Tab Transformer Project Overview
Tab Transformer is a neural network architecture tailored for tabular data, implemented in Pytorch. Tabular data is one of the most common data types used across various industries, encompassing any data that can fit within a spreadsheet structure. Unlike traditional deep learning models which excel with image or text data, Tab Transformer was created to bridge the performance gap for tabular data against methods like Gradient Boosted Decision Trees (GBDT), widely known for their efficacy in this domain.
Key Features
-
Near GBDT Performance: The Tab Transformer architecture is impressively competitive, performing almost on par with GBDT. Recent advancements by Amazon AI suggest they have surpassed GBDT by employing attention mechanisms on real-world tabular datasets.
-
Pytorch Implementation: It's built using Pytorch, a popular deep learning framework, making it accessible for researchers and practitioners familiar with this environment.
Installation
Setting up Tab Transformer is straightforward with pip, allowing for rapid deployment in your Python environment:
$ pip install tab-transformer-pytorch
Usage
The core functionality of the Tab Transformer can be seen in the simple usage example provided. It requires defining the architecture's dimensions and the categorical and continuous data it will process:
import torch
from tab_transformer_pytorch import TabTransformer
cont_mean_std = torch.randn(10, 2)
model = TabTransformer(
categories = (10, 5, 6, 5, 8),
num_continuous = 10,
dim = 32,
dim_out = 1,
depth = 6,
heads = 8,
attn_dropout = 0.1,
ff_dropout = 0.1,
mlp_hidden_mults = (4, 2),
mlp_act = torch.nn.ReLU(),
continuous_mean_std = cont_mean_std
)
x_categ = torch.randint(0, 5, (1, 5))
x_cont = torch.randn(1, 10)
pred = model(x_categ, x_cont)
FT Transformer: An Enhancement
The FT Transformer is a variation developed to further enhance performance by adopting a more simplified scheme for embedding continuous numerical values.
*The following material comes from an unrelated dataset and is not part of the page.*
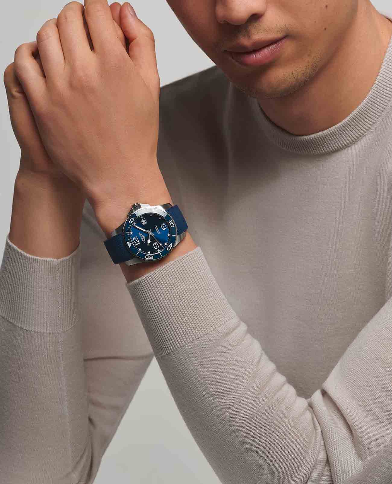 Мужские механические швейцарские часы с автоподзаводом Longines HydroConquest L3.781.4.96.9. Сапфировое стеклоСапфировое стеклоПрочный и надёжный материал из кристалла сапфира синтетического происхождения, характеризующийся особой твёрдостью и устойчивостью к царапинам и повреждениям. с антибликовым покрытием, устойчивое к мелким механическим повреждениям. Корпус часов изготовлен из нержавеющей стали. Вращающийся стальной безельБезельВнешний ободок, закрепляющий стекло. В спортивных часах так называется поворотное кольцо с делениями на циферблате, выполняет роль таймера – замеряет отрезки времени на шкале. Неподвижный безель – элемент декора. Однонаправленно вращающийся безель на дайверских часах позволяет фиксировать моменты погружения и выныривания на поверхность. с люминесцентным покрытиемЛюминесцентное покрытиеПозволяет считывать показания времени в темноте. Производители наносят на стрелки, часовые индексы, безель или поверхность циферблата светонакопительный состав, дающий холодное свечение. Superluminova из нержавеющей стали с PVD-покрытиемPVDУльтратонкое покрытие наносится в технике вакуумного напыления, сочетает в себе нитрид титана особой прочности со слоем золота или оксида хрома. Несёт в себе декоративную или защитную функцию. и керамики, защищенный от царапин, никогда не изнашивается и не выцветает. Стрелки и метки с люминесцентным покрытиемЛюминесцентное покрытиеПозволяет считывать показания времени в темноте. Производители наносят на стрелки, часовые индексы, безель или поверхность циферблата светонакопительный состав, дающий холодное свечение.. Окошко даты находится в положении 3 часа. Класс водозащиты: 300 метров, позволит плавать, нырять и заниматься другими водными видами спорта. Каучковый ремешок на раскладной застёжкеРаскладная застёжкаТакой тип застёжки используется только на браслетах из металла. Она никогда не раскрывается полностью, происходит разделение на 2 и более частей. Раскладывающая застёжка снизит вероятность потери часов к минимуму..

This model is included for comparative purposes, allowing users to experiment and determine which version best suits their specific dataset and application:
import torch
from tab_transformer_pytorch import FTTransformer
model = FTTransformer(
categories = (10, 5, 6, 5, 8),
num_continuous = 10,
dim = 32,
dim_out = 1,
depth = 6,
heads = 8,
attn_dropout = 0.1,
ff_dropout = 0.1
)
x_categ = torch.randint(0, 5, (1, 5))
x_numer = torch.randn(1, 10)
pred = model(x_categ, x_numer)
Unsupervised Training
For unsupervised training methodologies, one can leverage category token conversion to unique ids, followed by training using techniques akin to those from the Electra model on model.transformer
.
Future Enhancements and Research
The project roadmap includes exploring further model optimizations such as those proposed in recent research papers to continuously improve model efficiency and performance.
References
The project's origins and foundational concepts are documented in key research papers, such as:
- "TabTransformer: Tabular Data Modeling Using Contextual Embeddings" by Xin Huang et al.
- "Revisiting Deep Learning Models for Tabular Data" by Yu. V. Gorishniy et al.
These references provide deeper insights into the underpinnings and innovations driving the Tab Transformer architecture.